Archaeologists from the University of Barcelona have identified a papyrus fragment from Homer’s Iliad placed directly on the abdomen of a Roman-period mummy buried at Oxyrhynchus, the ancient Egyptian site also known as Al-Bahnasa. The text, drawn from the Catalogue of Ships in Book II of the epic, was deliberately incorporated during the embalming process, making it the first known instance of a Greek literary passage used as part of mummification. The roughly 1,600-year-old find, excavated from Tomb 65 in Sector 22, raises pointed questions about how Greek epic poetry functioned within Egyptian funerary beliefs long after Homer composed his verses.

Greek poetry inside an Egyptian burial rite

The discovery happened during the November to December 2025 excavation campaign at Oxyrhynchus, a site that has produced tens of thousands of papyrus fragments since the late 19th century. But this find stands apart. Rather than turning up in a trash heap or a storage jar, the papyrus sat on the mummy’s abdomen as a ritual object, positioned there by embalmers who chose it for a purpose that scholars are still working to explain.

Interdisciplinary analysis conducted in January and February 2026 confirmed the identification. According to the University of Barcelona’s philology faculty, the researcher Mascia first read the Greek text on the papyrus, and the linguist Adiego then linked the passage to Book II of the Iliad, specifically the Catalogue of Ships. That section of Homer’s epic is essentially a long roster of the Greek forces that sailed to Troy, listing their leaders, home cities, and the number of vessels each contingent brought. It is one of the most structured and list-heavy passages in all of ancient literature.

The mission’s own characterization of the find is direct.

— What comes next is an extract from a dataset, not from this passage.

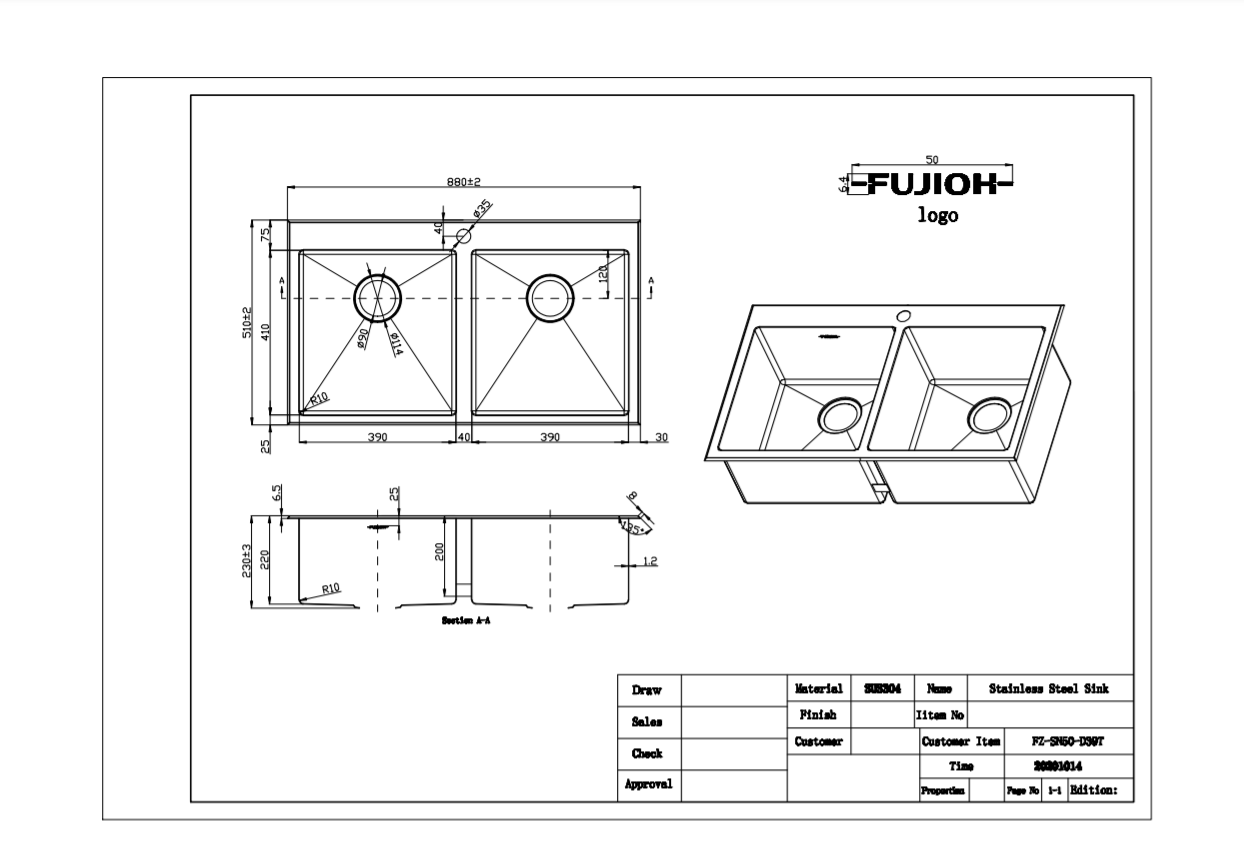Fujioh’s handmade stainless steel sinks come with environmentally friendly noise reduction pads and condensation-resistant coating, equipping your kitchen with a quieter and moisture-resistant sink. With X-shaped drain lines and rounded corners, the sink can be easily cleaned and maintained.

The archaeological team stated that this is the first time a Greek literary text has been found deliberately used in the mummification process. Papyri have appeared alongside mummies before, often as cartonnage or recycled packing material. What sets this case apart is the intentional placement of a specific literary passage as part of the embalming ritual itself, not as structural filler but as a chosen text with apparent symbolic weight.

The papyrus itself was fragile but legible enough for epigraphers to recognize Homeric verse. Its location on the abdomen, rather than under wrappings at the head or feet, suggests that it was inserted at a relatively late stage in the embalming sequence, when the body was already bandaged. That choice of placement could reflect a belief that the written word, resting over the vital organs that had been removed and ritually treated, helped safeguard the integrity of the person in the journey to the afterlife.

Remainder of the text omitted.